Sunday, June 17, 2012

Only Yesterdays


Only Yesterdays
I.  What a difference 200+ days don’t make.  It seems like it was only yesterday  when Greece was facing bankruptcy; when the European Central Bank was the lender of first, last, and only resort for major European banks; when the sovereign debts of Italy, Spain and Portugal were suspect, contaminated, shunned; when seats on the flight to safety were going, to use the language of the trade, at a premium; the fate of the euro was the latest speculation; when the future of the European Union was the latest, to use the language of the trade,  short; when Geithner was urging his counterparts across the Atlantic to do something dramatic, to pull out the “big bazooka;” when the EU was apoplectic, or anaphylactic, or both over the prospects of a referendum in Greece concerning the terms of so-called bailout.  Only yesterday.

These 200+ days later?  Well, Greece is facing bankruptcy; Greece had a referendum, disguised as a general election and the results were exactly the results expected only yesterday; the ECB is the only lender of any resort for European banks; the sovereign debts are again suspect; the flight to safety has driven certain short term interest rates below zero, which is also the latest line on the future prospects of the European Union.  And once again Geithner is urging, hoping, praying for that big bazooka to drop out of the sky, a miracle of another sort in government green.  Praise the lord and pass the ammunition. 

While we’re at it, remarking as it were on the amazing and the banal, the banality of the “amazing,”  the recurrence of the unusual, exceptional with such frequency that unusual becomes the tedious,  everyday functioning of this system based upon the aggrandizement and depreciation of human labor……..let’s ask a question.  Let’s ask a question that appears to be as tangential to the predicament of irrelevant to the predicament of capital accumulation as a question can be:  Is it possible to compare “amazing” “things,”— events, quantities, qualities, effects, non-effects?
Can one amazing event, quality, quantity, effect, non-effect, be more or less amazing than a different amazing…etc?  

As we ponder this, and count the number of pinheads dancing on angels too, let’s just slog on with the predicament of capital accumulation, to wit:

It’s really amazing how far a lot, a real lot, of money can’t go these days.  And it’s even more, or less, amazing how little time lots and lots of money buys these days.  The most amazing, or not, thing of all is that this exchange of money for time, this buying of time exposes, condenses, displays, distills, but most of all narrates the historical trajectory of value production; the once and future prospects of capitalism.  

Amazing, isn’t it?  Or not. 

After all, it was just a few short months ago that the ECB took to the stormy Mediterranean in its rescue vessel, the EUSS Long Term Refinancing Operation, LTRO, to the spread the oil of long-term-low-interest-any-collateral-will-suffice loans on trouble waters of Eurozone bank finances.
That was an undertaking of amazing, even epic, proportions—supplying over one trillion euros—that’s a thousand billion for those of you not hooked up with hedge funds or astronomical observatories—for a term of three years, at rates of 1% or less.  

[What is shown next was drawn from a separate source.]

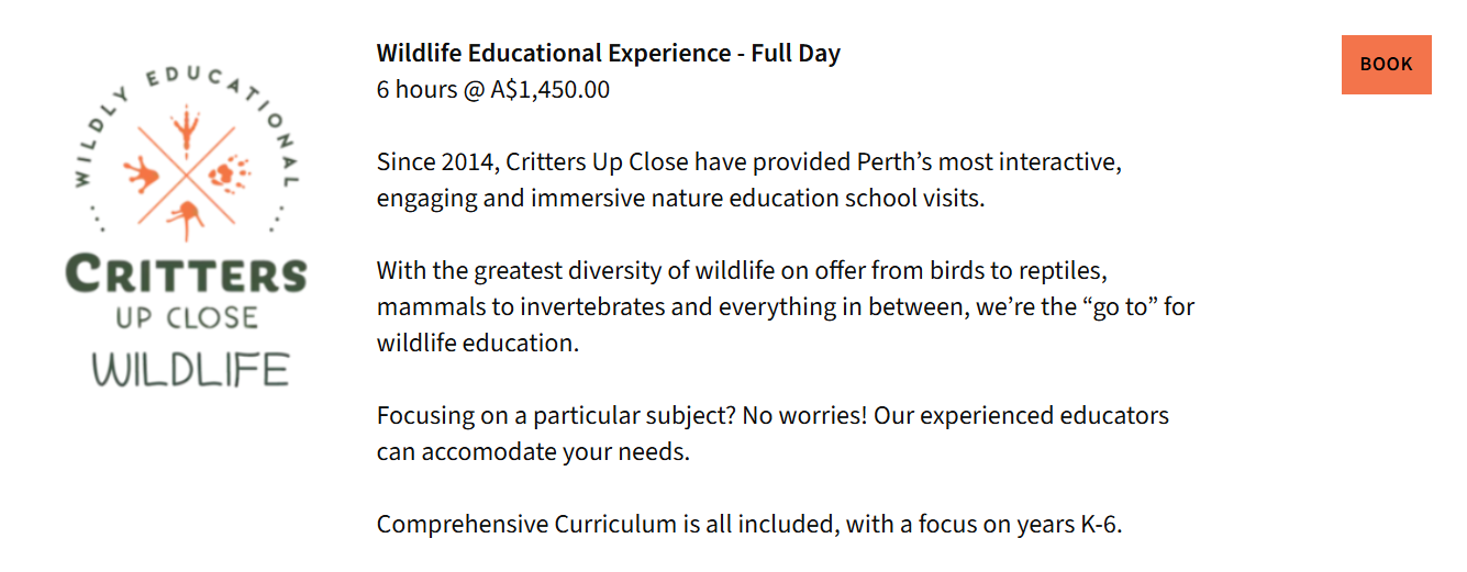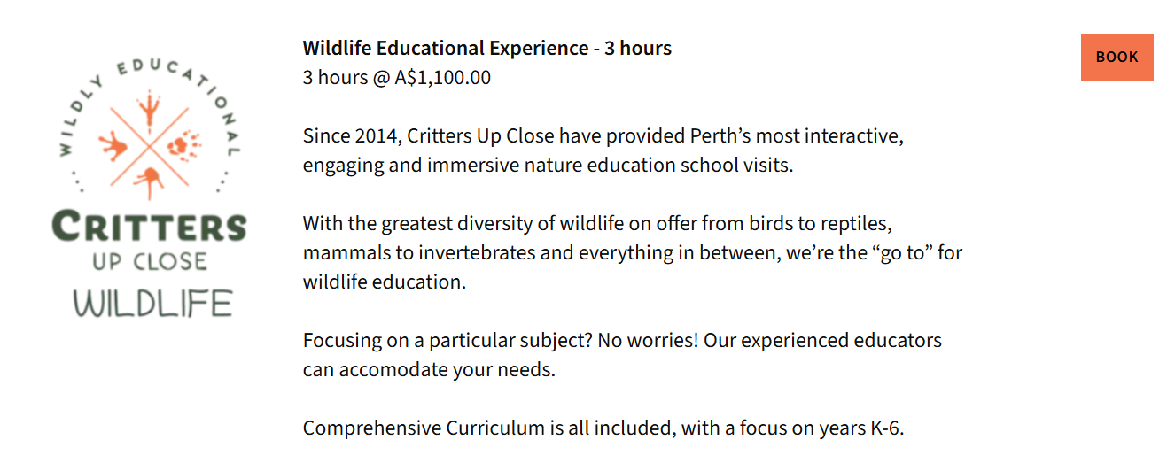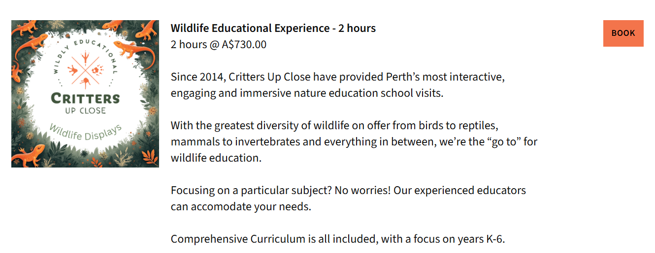 - Are your programs linked to the curriculum?Yes. All animal presentations for schools are mapped to the Australian Curriculum and include free printable teacher resources.

This was not, to be sure, an original undertaking.  The ECB was borrowing a page, and a bit of liquidity from the US Federal Reserve, which had borrowed a page from Crazy Eddie of 1980s discount electronics, and TV commercial fame—“prices so low, they’re practically giving it away.”  Crazy Eddie, as we all, know, folded, having folded into his own pockets significant amounts of the readies provided through his bank credit lines,  and having turned his stores into sources of credit, into mini-banks,  financing purchases, and counting the debts as earnings, thus pyramiding downward,  reproducing  in infinite miniatures, fractals really, the bad assets as bad banks.  “I’ve looked in the mirror, and I’ve seen a million little mes.”  

While separate and apart from the sovereign “bail outs” engineered by through the EFSF cum ESM, the ECB’s LTRO has the same origin and object as the programs that produced the sovereign debt crises—that is relieving the distress of the European Union private banking system with the application of massive state sponsored liquidity.  

That might work, if the banking distress was in fact a liquidity issue.  It is not.  As the governor of the Bank of England put it, “The crisis in the euro area is one of solvency not liquidity.”  And who could possibly know more about chronic, extended, and attenuated insolvency than the guv of the bank of the bourgeoisie of that storied isle, Mervyn God Save the Ring-a-Ding-Ding ?  Only Crazy Eddie, for sure.

So anyway, the various “sovereign” governments had tried that, just that old liquidity shuffle [pay no attention to the left hand, watch the right hand], turning their public treasuries into lenders of penultimate resort, into bad banks.  The ECB determined it could do no less than repeat the process, since, after all, accumulation of capital, is by origin, definition, and destiny a repetition compulsion, pathology.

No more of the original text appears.